Leave out every picture, and return exactly the lines from the line containing "Born in 1982." through the end of the records below, both inclusive.

====================

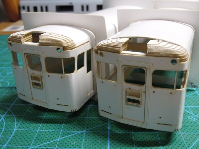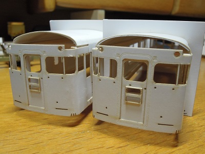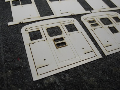 | ・車体箱組・車体箱組(2017/10/18) 2000系車体の妻面は、窓サッシの段表現が出来るよう、3枚 貼合わせ構造になっています。 |
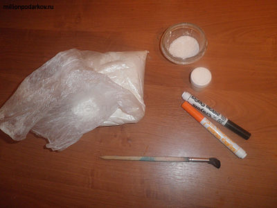 Для того, чтобы делать в качестве поделки снеговиков, нужно подготовить материал. Предлагаю сделать соленое тесто. Для возьмем 1/4 часть воды, 2/3 соли и муки. Подговм белую гуашь, черный и оранжевый фломастеры.
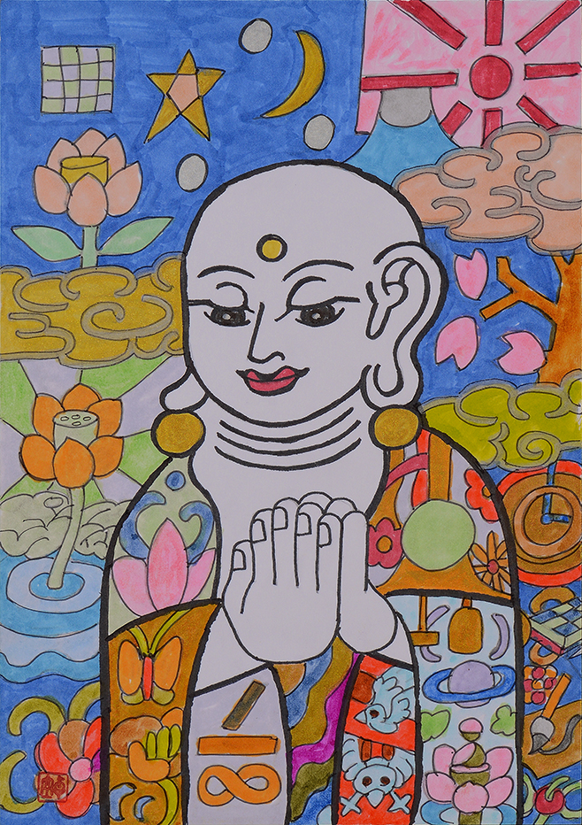 Born in 1982. Residing in Kitakyushu City, Japan. Born with Autisum and unable to communicate with others. Losing 96% of vision with a rare disease, but primarily creates art with themes related to deities and gods.
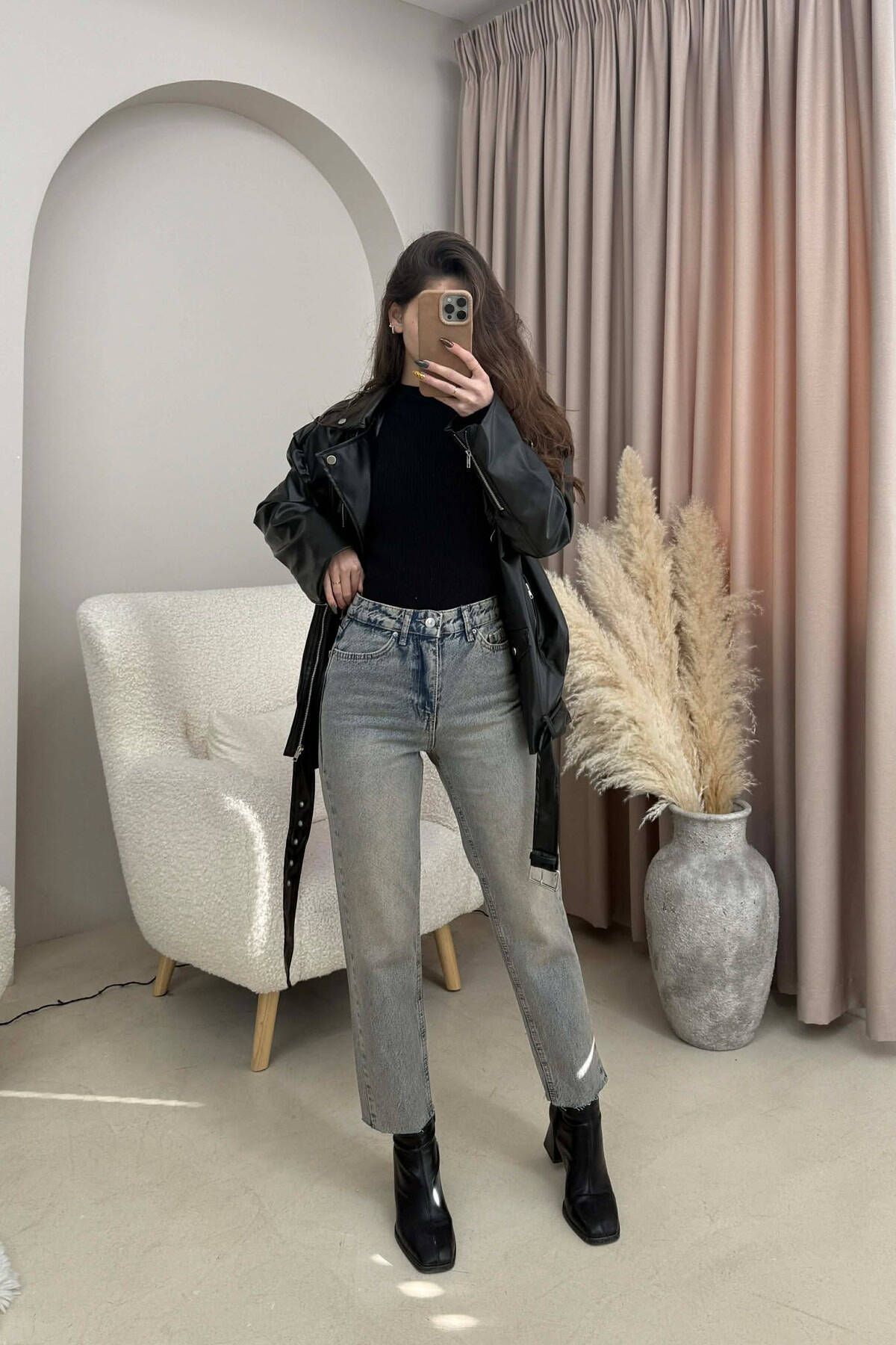 ONE COLOR BELT DETAIL WOMAN JEANS LIGHTBLUE/BZ
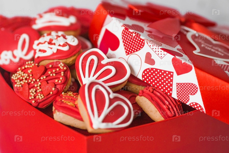 Домашнее имбирное печенье в форме сердца в красной сахарной пудре. Вкусное сердце имбирного печенья на светлом бетонном фоне. Свежеиспеченные пряники ко Дню святого Валентина

====================

• _Solution for this exercise_
 Born in 1982. Residing in Kitakyushu City, Japan. Born with Autisum and unable to communicate with others. Losing 96% of vision with a rare disease, but primarily creates art with themes related to deities and gods.
 ONE COLOR BELT DETAIL WOMAN JEANS LIGHTBLUE/BZ
 Домашнее имбирное печенье в форме сердца в красной сахарной пудре. Вкусное сердце имбирного печенья на светлом бетонном фоне. Свежеиспеченные пряники ко Дню святого Валентина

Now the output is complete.